--- DATA BELOW Enclosed Below ---

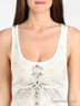 Оригинальная майка с глубоким круглым вырезом, без рукавов. Майка декорирована фото-принтом, пайетками и стразами в виде стрекозы.
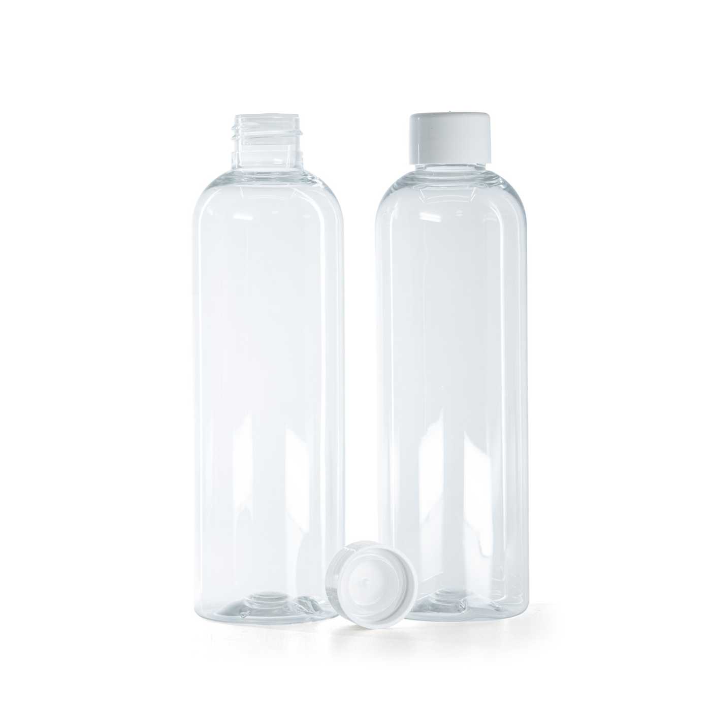 Flacon en plastique transparent, bouchon lisse blanc avec réducteur, 250 ml
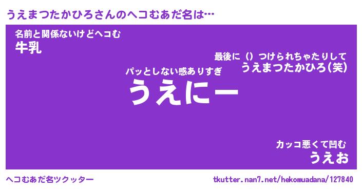 | 男性向けラノベタイトル風あだ名 | 『うえまつたかひろの憂鬱』 |
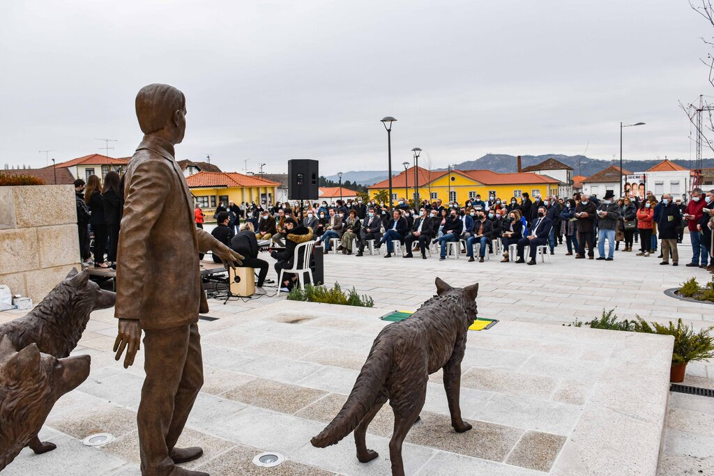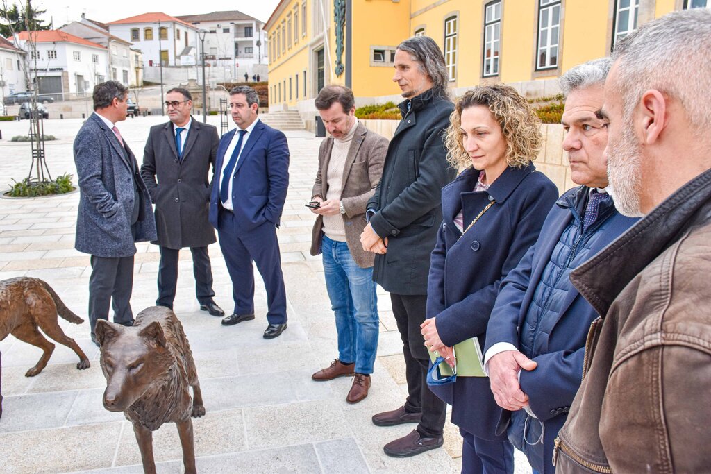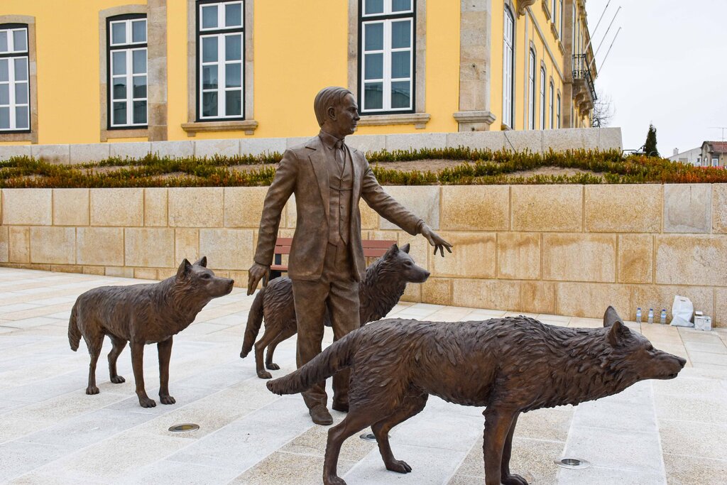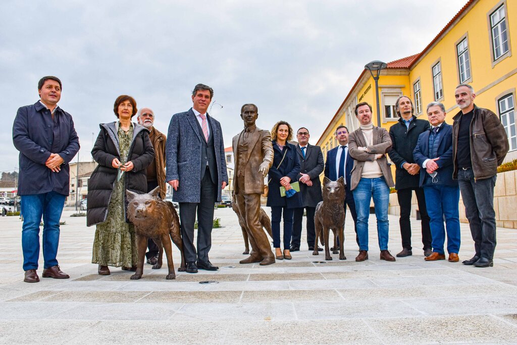 Aquilino Ribeiro rodeado de três lobos. Quatro peças, todas em bronze, todas em tamanho real. Um notável conjunto escultórico de homenagem a Aquilino Ribeiro, mestre das letras, mestre dos mestres, inaugurado este sábado, 26 de fevereiro, na renovada Praça do Tabolado, no coração de Moimenta da Beira.

--- End of Enclosed DATA BELOW ---

**TASK GOAL**
Could you print the whole listing again, exactly, leaving the pictures out?

**ANSWER BOX**
 Оригинальная майка с глубоким круглым вырезом, без рукавов. Майка декорирована фото-принтом, пайетками и стразами в виде стрекозы.
 Flacon en plastique transparent, bouchon lisse blanc avec réducteur, 250 ml
 | 男性向けラノベタイトル風あだ名 | 『うえまつたかひろの憂鬱』 |
 Aquilino Ribeiro rodeado de três lobos. Quatro peças, todas em bronze, todas em tamanho real. Um notável conjunto escultórico de homenagem a Aquilino Ribeiro, mestre das letras, mestre dos mestres, inaugurado este sábado, 26 de fevereiro, na renovada Praça do Tabolado, no coração de Moimenta da Beira.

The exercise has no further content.